GIVEN DATA:
──────────
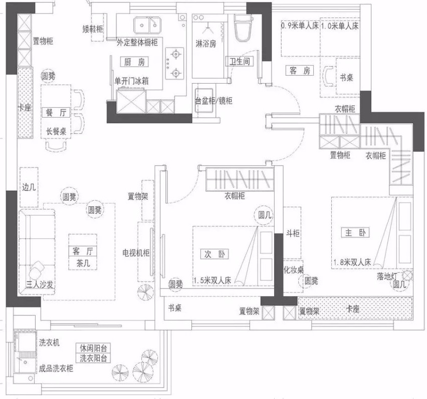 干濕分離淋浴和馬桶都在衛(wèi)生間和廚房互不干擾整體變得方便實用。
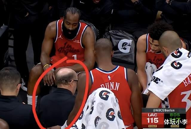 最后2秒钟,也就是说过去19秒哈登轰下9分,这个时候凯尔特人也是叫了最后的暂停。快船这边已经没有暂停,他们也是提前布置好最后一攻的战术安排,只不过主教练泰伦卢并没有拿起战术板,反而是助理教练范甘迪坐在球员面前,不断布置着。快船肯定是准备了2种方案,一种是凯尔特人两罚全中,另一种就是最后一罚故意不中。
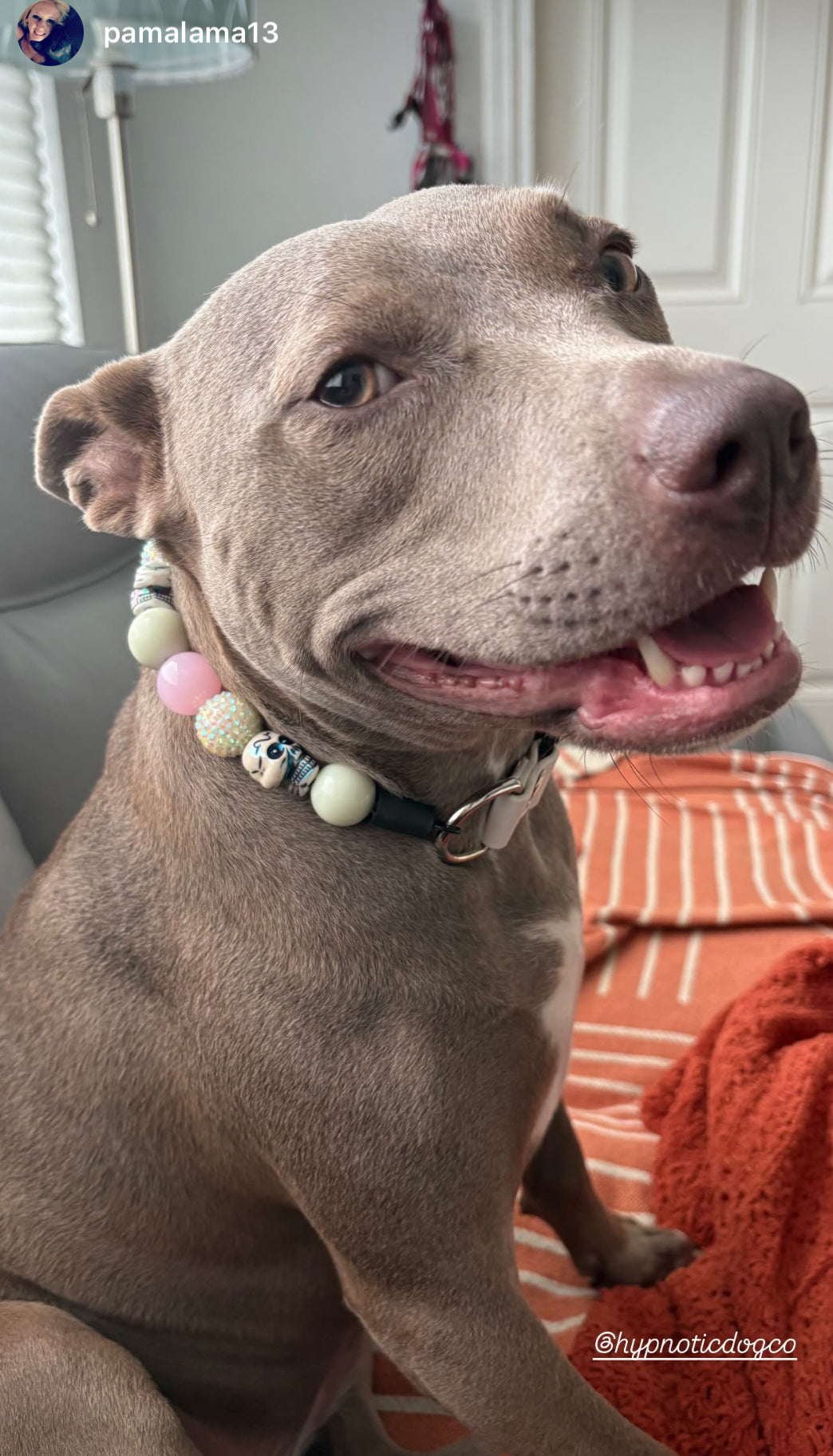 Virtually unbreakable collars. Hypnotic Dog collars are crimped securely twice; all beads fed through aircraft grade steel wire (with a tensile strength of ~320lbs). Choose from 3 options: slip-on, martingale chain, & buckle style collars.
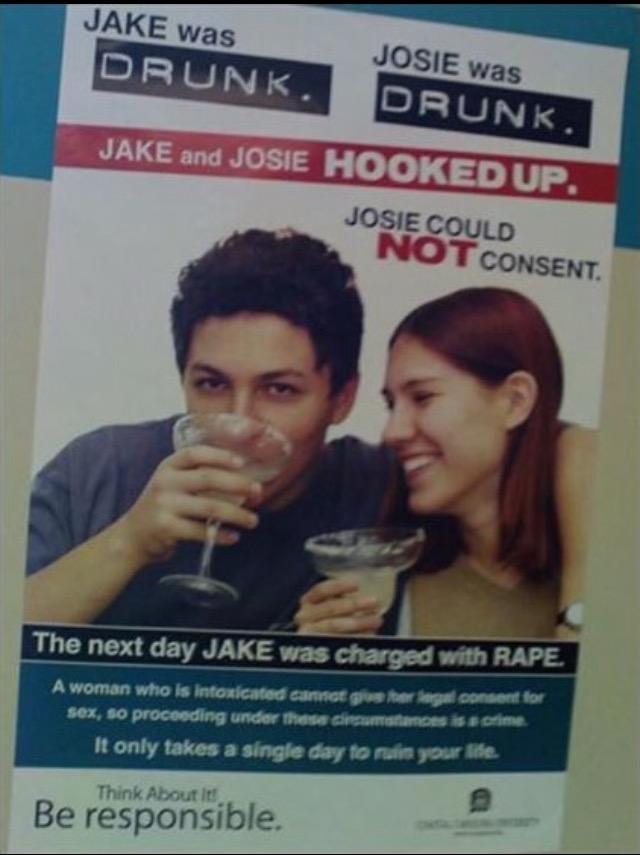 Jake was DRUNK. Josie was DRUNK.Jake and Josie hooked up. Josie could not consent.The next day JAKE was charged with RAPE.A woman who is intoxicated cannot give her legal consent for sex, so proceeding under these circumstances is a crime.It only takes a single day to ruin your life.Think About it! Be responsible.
──────────
WHAT YOU NEED TO DO:
Put down exactly the lines of the data above that run from its first line through the line bearing "最后2秒钟,也就是说过去19", and no pictures.

EXERCISE RESPONSE:
 干濕分離淋浴和馬桶都在衛(wèi)生間和廚房互不干擾整體變得方便實用。
 最后2秒钟,也就是说过去19秒哈登轰下9分,这个时候凯尔特人也是叫了最后的暂停。快船这边已经没有暂停,他们也是提前布置好最后一攻的战术安排,只不过主教练泰伦卢并没有拿起战术板,反而是助理教练范甘迪坐在球员面前,不断布置着。快船肯定是准备了2种方案,一种是凯尔特人两罚全中,另一种就是最后一罚故意不中。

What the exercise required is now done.